### What needs to be done
A faithful transcription is wanted of the lines from the top of the material through the line that holds "Amazon Essentials Women’s", both ends included, leaving out the pictures.

### Source material
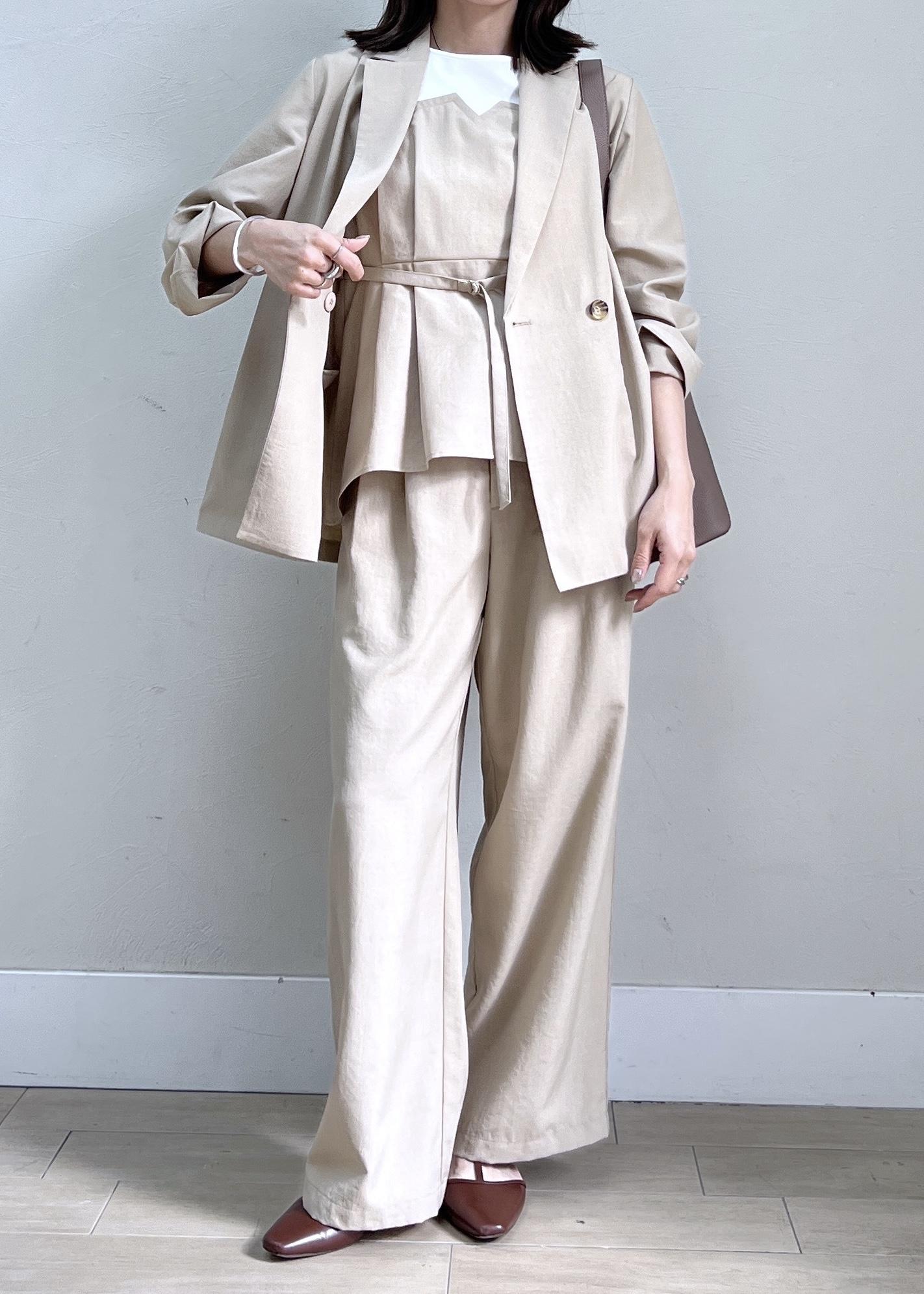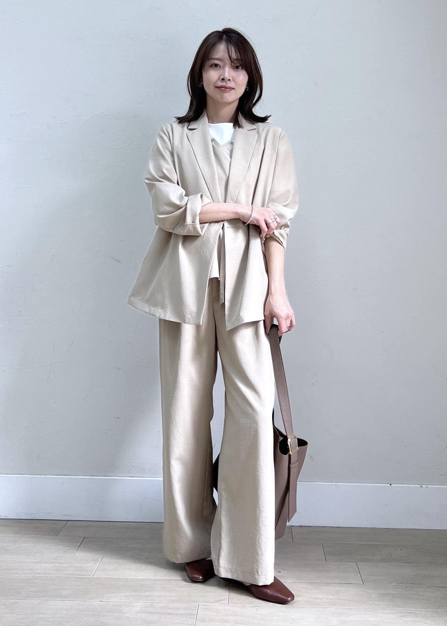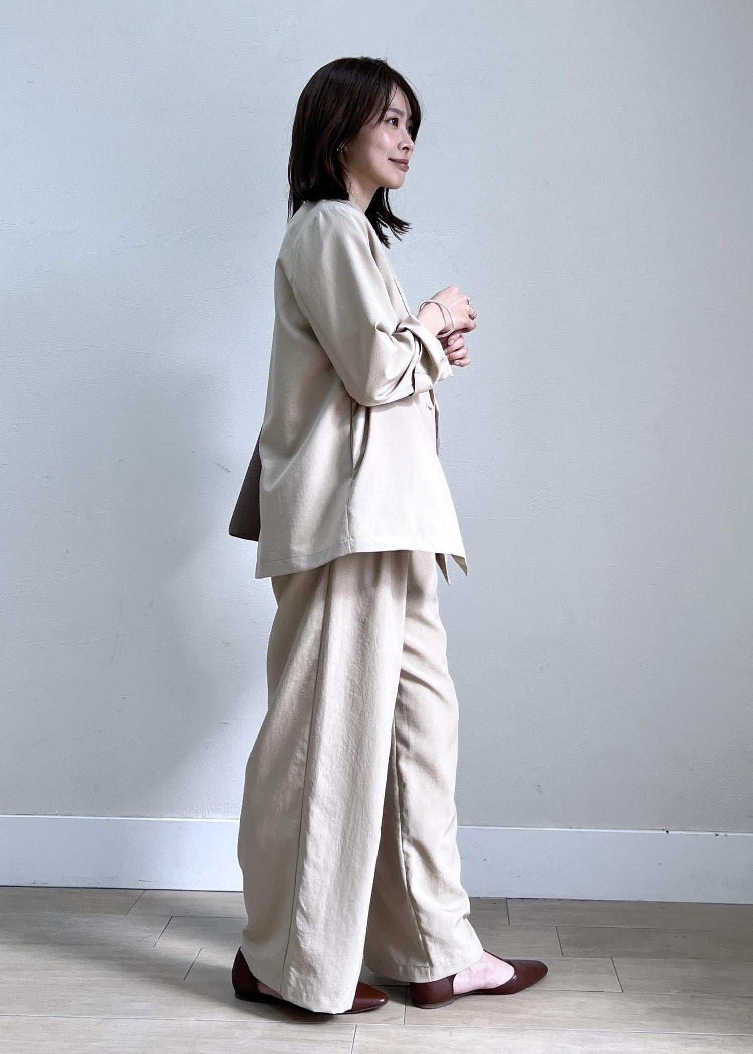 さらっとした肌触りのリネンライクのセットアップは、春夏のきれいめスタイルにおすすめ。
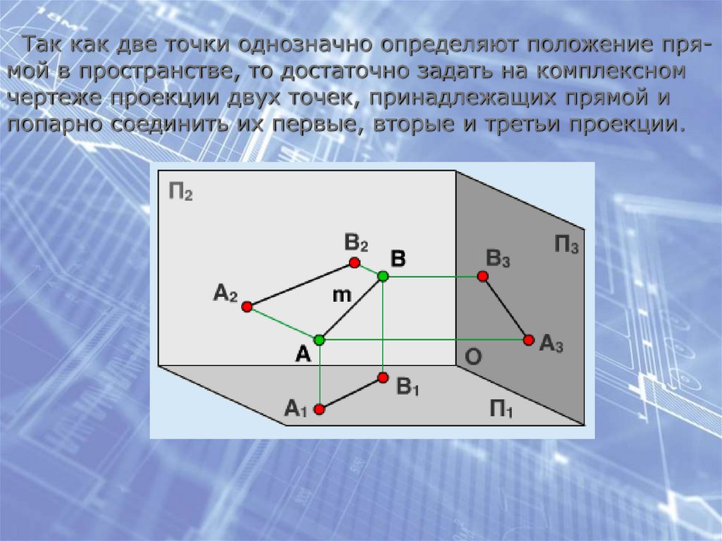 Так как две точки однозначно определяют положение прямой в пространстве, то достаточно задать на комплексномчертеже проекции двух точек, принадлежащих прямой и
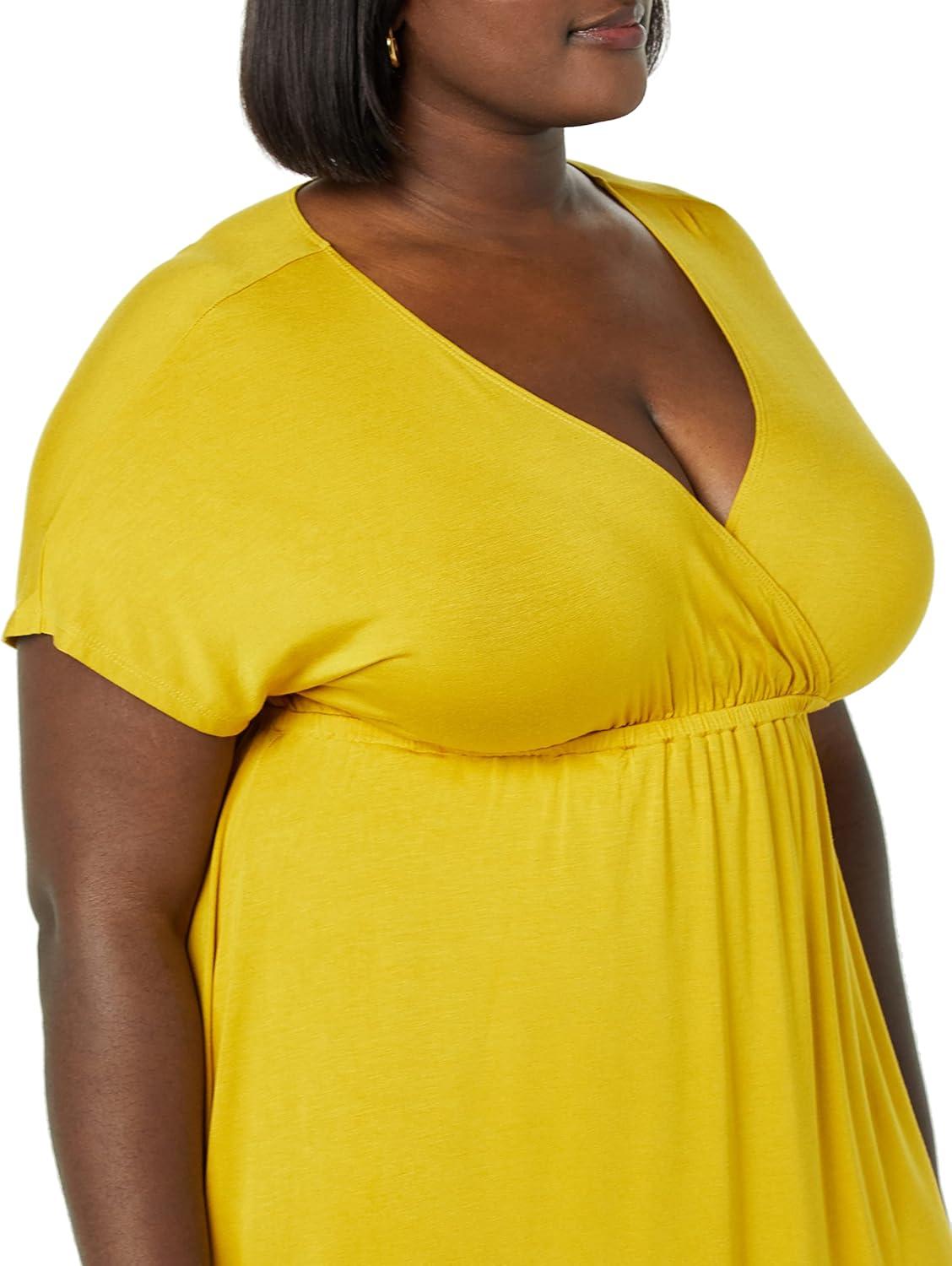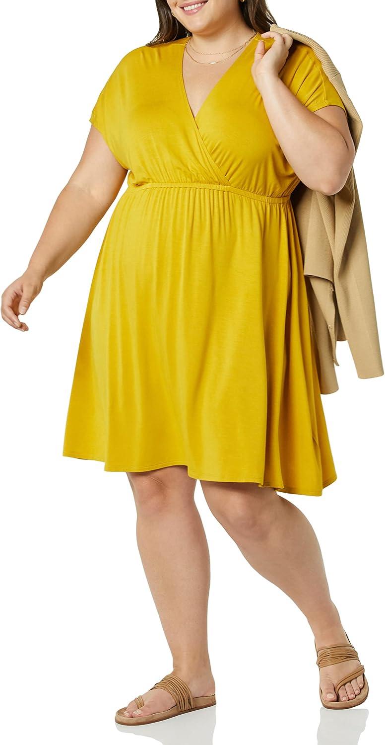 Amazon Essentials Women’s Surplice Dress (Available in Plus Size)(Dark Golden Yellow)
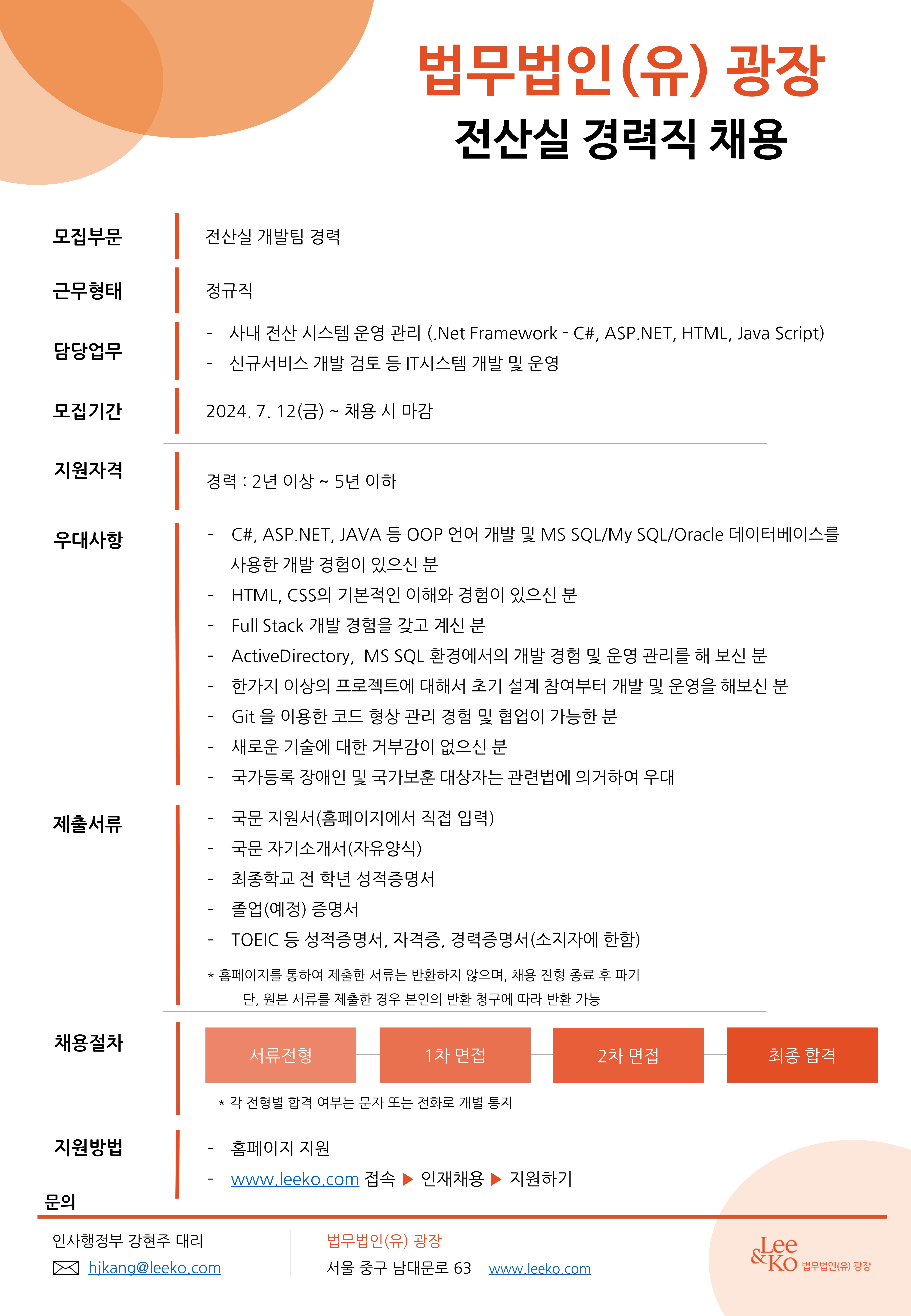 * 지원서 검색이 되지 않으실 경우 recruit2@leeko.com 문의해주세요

### Task answer
 さらっとした肌触りのリネンライクのセットアップは、春夏のきれいめスタイルにおすすめ。
 Так как две точки однозначно определяют положение прямой в пространстве, то достаточно задать на комплексномчертеже проекции двух точек, принадлежащих прямой и
 Amazon Essentials Women’s Surplice Dress (Available in Plus Size)(Dark Golden Yellow)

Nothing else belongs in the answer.